What is unique is that the wines of the East Coast are decidedly Old World in structure, not necessarily the preference of the winemaker or grower, but it happens nonetheless. Winemakers should embrace it and be proud of it instead of fighting it all the time trying to be like California wines. It’s not going to happen unless you only import California grapes to make the wine.

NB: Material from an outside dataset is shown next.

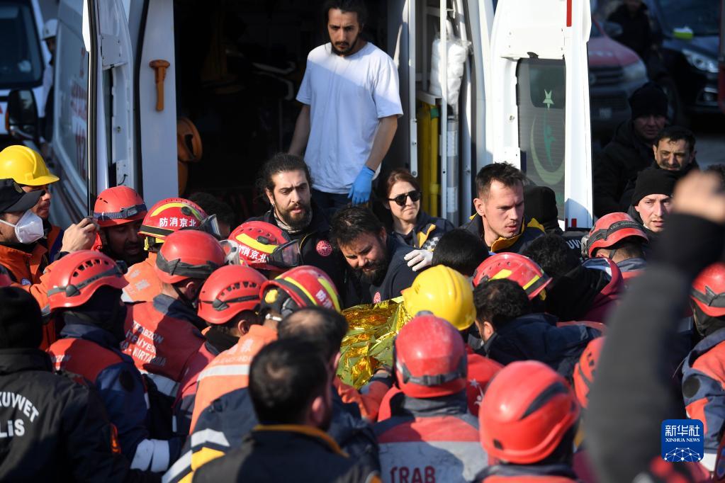 當地時間12日下午,正在土耳其哈塔伊省安塔基亞市實施搜救的中國救援隊營救出一名幸存者。

The French wine magazine Gilbert & Gaillard in a recent article famously inverted a map of the Gironde River leading to Bordeaux matching it almost identically with a map of the Delaware Bay and River leading to Philadelphia. On the map, South Jersey was comparable to Bordeaux’s Left Bank, Delaware and the Chesapeake setting up as the Right Bank and the Brandywine as America’s answer to Entre-Deux-Mers. The Lehigh Valley is similar to the Loire Valley in France. They went on to observe that the soil in both regions are the same and that both enjoy the same Atlantic climates mellowed by the influences of the rivers that flow through them. The soil is gravel and loam with layers of clay and sand allowing for good drainage and the vine roots to reach lower layers of soil without restriction. There are an average of 190 to 210 freeze-free days per year allowing a growing season long enough to ripen the great wine grape varieties of the world. If you want a more in-depth discussion on terroir, check out this article by professor and research climatologist Gregory V. Jones. 

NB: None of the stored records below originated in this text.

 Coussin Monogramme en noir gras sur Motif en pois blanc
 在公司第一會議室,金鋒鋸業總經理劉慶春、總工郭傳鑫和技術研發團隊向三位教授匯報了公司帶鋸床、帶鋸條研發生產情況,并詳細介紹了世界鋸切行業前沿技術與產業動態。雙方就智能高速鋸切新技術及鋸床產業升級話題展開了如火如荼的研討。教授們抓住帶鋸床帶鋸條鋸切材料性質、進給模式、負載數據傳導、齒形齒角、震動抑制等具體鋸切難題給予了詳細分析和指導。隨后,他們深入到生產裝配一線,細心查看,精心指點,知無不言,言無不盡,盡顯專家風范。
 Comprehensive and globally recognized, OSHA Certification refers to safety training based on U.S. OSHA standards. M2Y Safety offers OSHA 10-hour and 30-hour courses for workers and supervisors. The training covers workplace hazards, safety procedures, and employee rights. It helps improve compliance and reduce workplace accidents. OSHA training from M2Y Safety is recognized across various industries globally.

To say all that, it is a matter of personal preference when it comes to styles of wine. When pressed to explain how all East Coast wines are faulted or “bad,” it’s realized that the wines are not faulted. It is just the person did not like that particular wine. There’s a fine line between the distinction of when a person says “I don’t like the wine” versus “The wines aren’t very good.” When a person says they don’t like the wine, they are making a personal judgment. This is fine, however, just because one person does not like the wine doesn’t mean everyone doesn’t like the wine! It’s an over-generalization that condemns entire wine regions.

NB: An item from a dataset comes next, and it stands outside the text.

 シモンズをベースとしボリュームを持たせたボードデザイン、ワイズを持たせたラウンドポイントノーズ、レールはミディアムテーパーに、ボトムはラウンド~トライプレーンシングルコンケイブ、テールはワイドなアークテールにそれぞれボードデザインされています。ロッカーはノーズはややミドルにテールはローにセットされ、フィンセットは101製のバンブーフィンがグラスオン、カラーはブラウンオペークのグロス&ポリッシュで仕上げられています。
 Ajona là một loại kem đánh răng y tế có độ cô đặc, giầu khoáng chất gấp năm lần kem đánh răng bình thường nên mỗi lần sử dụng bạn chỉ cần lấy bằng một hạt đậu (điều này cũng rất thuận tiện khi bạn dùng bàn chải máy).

What it boils down to is lack of education and preconceived bias about East Coast wines. There are winemakers and vineyards working to change this, but it takes time. The next time you hear someone utter the phrase that the wines from X are not very good, ask them what faults all the wines have from X that make them not very good. See if you discover that the person making the statement really means that he/she didn’t like the wines. Wineries need to educate their consumers about wine including wine faults so that wine tasters can differentiate between wines they do not like and wines that have something wrong with them.

The best way to learn about East Coast wine is to visit wineries on the East Coast or buy their wine and ship it to your home! Not a hard concept to embrace. Taste their wines and judge for yourself.